ECLI:NL:GHSHE:2017:3142 Gerechtshof 's-Hertogenbosch , 11-07-2017 / 200.165.640_01

Uitspraak

GERECHTSHOF ̓s-HERTOGENBOSCH

Afdeling civiel recht

zaaknummer 200.165.640/01

arrest van 11 juli 2017

in de zaak van

[appellante] ,

wonende te [woonplaats] ,

appellante,

advocaat: mr. J.P. van Rossum te Amsterdam,

tegen:

2 Sell It Consulting & Training B.V.,

gevestigd te [vestigingsplaats] ,

geïntimeerde,

in hoger beroep niet verschenen,

op het bij exploot van dagvaarding van 19 december 2014 ingeleide hoger beroep van de door de rechtsbank ’s-Hertogenbosch, respectievelijk de rechtbank Oost-Brabant, zittingsplaats ’s-Hertogenbosch, gewezen vonnissen van 27 juli 2011, 30 mei 2012, 6 november 2013 en 8 oktober 2014 tussen appellante - [appellante] – (alsmede [beheer] Beheer BV) als gedaagden en geïntimeerde – 2 Sell It - als eiseres.

1 Het geding in eerste aanleg (zaak-/rolnummer C/01/222451/HA ZA 10-2738)

Voor het geding in eerste aanleg verwijst het hof naar voormelde vonnissen en naar het daaraan voorafgaande tussenvonnis van 9 maart 2011.

2 Het geding in hoger beroep

Het verloop van de procedure blijkt uit:

- de dagvaarding in hoger beroep van 19 december 2014 met een productie;

- het op 3 maart 2015 tegen 2 Sell It verleende verstek;

- de memorie van grieven van [appellante] van 12 mei 2015.

[appellante] heeft arrest gevraagd. Het hof doet recht op bovenvermelde stukken en de stukken van de eerste aanleg. In het overgelegde procesdossier van de eerste aanleg ontbreekt een akte van 7 september 2011 die is vermeld in het tussenvonnis van 30 mei 2012. In eerste aanleg zijn op 8 september 2011 enkele zaken ter griffie van de rechtbank gedeponeerd. In hoger beroep heeft geen depot hiervan plaatsgevonden, zodat het hof van die zaken geen kennis heeft genomen.

3 De gronden van het hoger beroep

Voor de inhoud van de vier grieven van [appellante] verwijst het hof naar de memorie van grieven.

4 De beoordeling

4.1

Het gaat in dit hoger beroep, samengevat, om het volgende.

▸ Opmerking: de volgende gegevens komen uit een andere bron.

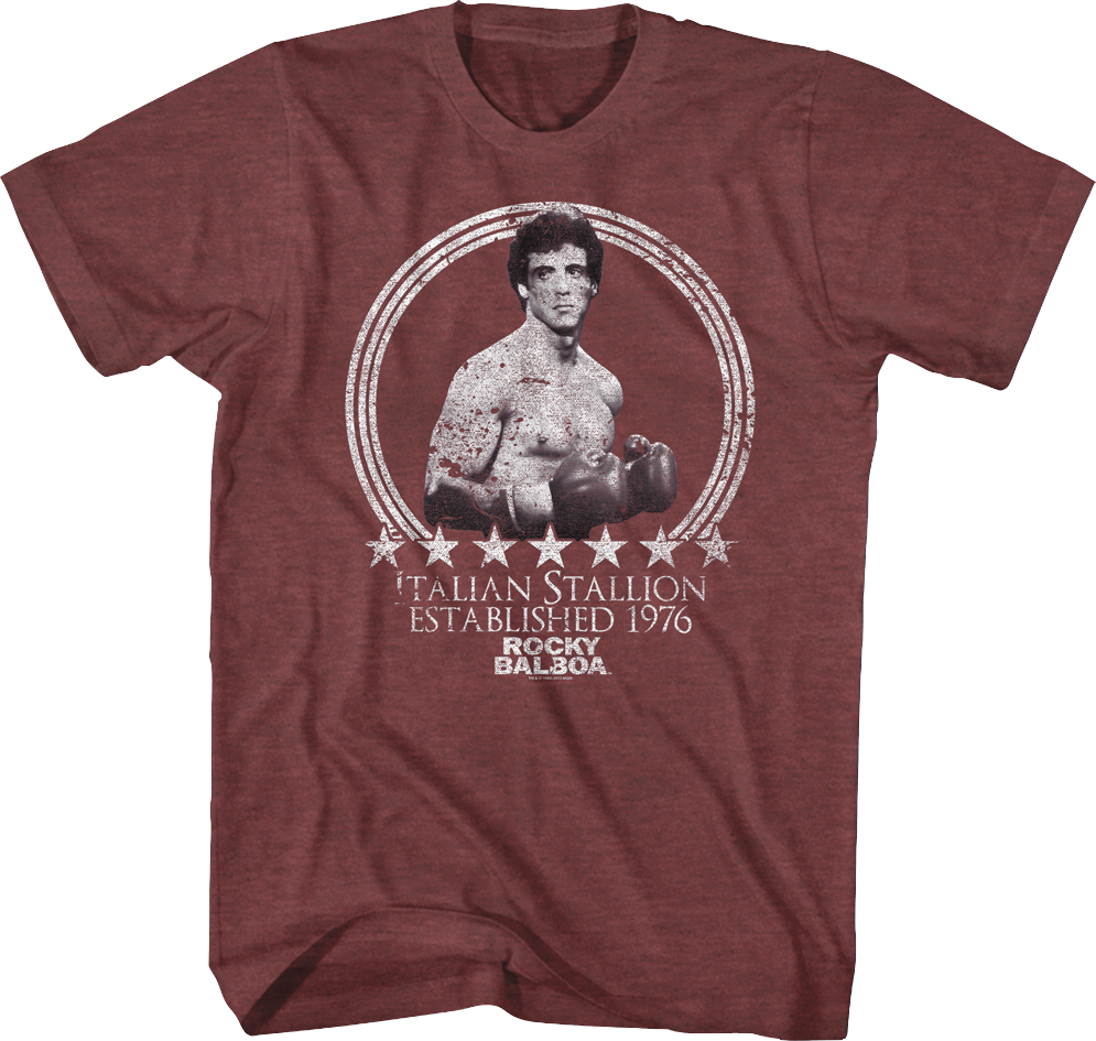 This Italian Stallion Rocky Balboa T-Shirt shows everyone's favorite underdog ready for his next bout. The shirt reads, "Italian Stallion Established 1976", which is the year that the first installment in the franchise was released. The shirt is distressed to look like you've been wearing it for years. Sylvester Stallone was nominated for best actor and best original screenplay at the Academy Awards for this film, which won for best picture.

  1. [appellante] is directeur/aandeelhouder van [beheer] Beheer BV die zich onder meer bezighoudt met marketing activiteiten.

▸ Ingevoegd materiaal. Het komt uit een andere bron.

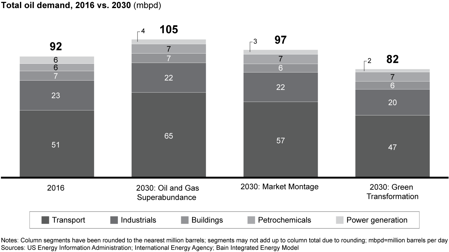 Refiners need a clear strategy to navigate the energy transition, one that prepares them for market shifts caused by these changes. Bain’s recent research on integrated energy markets analyzed ways that several sources of disruption—including the geopolitics of the global oil supply, competition from renewables and associated technologies, attitudes toward carbon policy, and changes in mobility—could influence total demand for oil and gas by 2030. (For more, see the Bain Brief “Managing the Energy Transition: Three Scenarios for Planning.”) Based on this research, we defined three supply-and-demand scenarios: Oil and Gas Superabundance, Market Montage and Green Transformation. Several interesting patterns emerged (see Figure 1):

  2. 2 Sell It stelt zich ten doel een franchise organisatie op te zetten om trainers te begeleiden en te coachen die volgens een door haar ontwikkeld concept aan marketing- en verkoopmedewerkers van bedrijven trainingen verzorgen.

  3. Op 12 maart 2010 is tussen 2 Sell It en [beheer] Beheer BV, vertegenwoordigd door [appellante] , een franchiseovereenkomst gesloten. Op 4 juni 2010 heeft [appellante] een door haar opgesteld ondernemersplan van [beheer] Beheer BV als franchisenemer aan 2 Sell It doen toekomen.

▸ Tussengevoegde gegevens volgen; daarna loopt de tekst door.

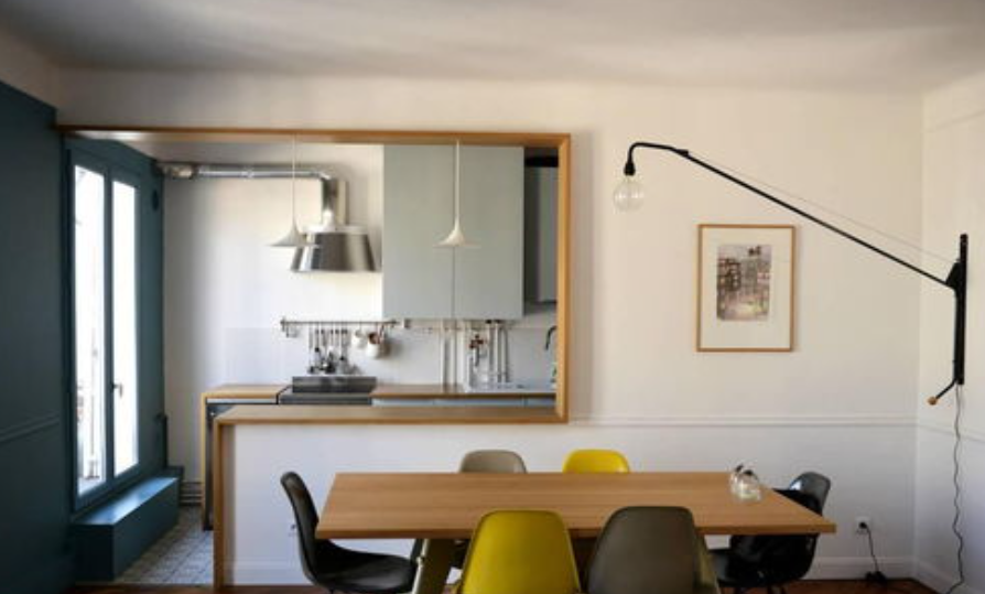 开放式的装扮时打开整体视觉最 好的方式,将烹煮区与用餐区间的墙体去除,不仅拉近了人与人之间的距离,营造出一种温馨的家庭氛围,同时也给家中带来了一种通透的视觉环境,去除了墙壁的阻挡,进一步加大了纵深。

  4. Op 15 juli 2010 heeft 2 Sell It aan [beheer] Beheer BV een voorschotnota ten bedrage van € 3.500,= exclusief btw gezonden. Deze factuur is niet betaald.

  5. Bij brief van 27 juli 2010 heeft [beheer] Beheer BV aan 2 Sell It te kennen gegeven, samengevat, dat tussen partijen verschillen van inzicht bestaan, dat 2 Sell It haar verplichtingen niet nakomt, dat 2 Sell It in gebreke wordt gesteld, dat [beheer] Beheer BV zich beroept op dwaling en opschorting en dat zij de overeenkomst per direct wenst te ontbinden.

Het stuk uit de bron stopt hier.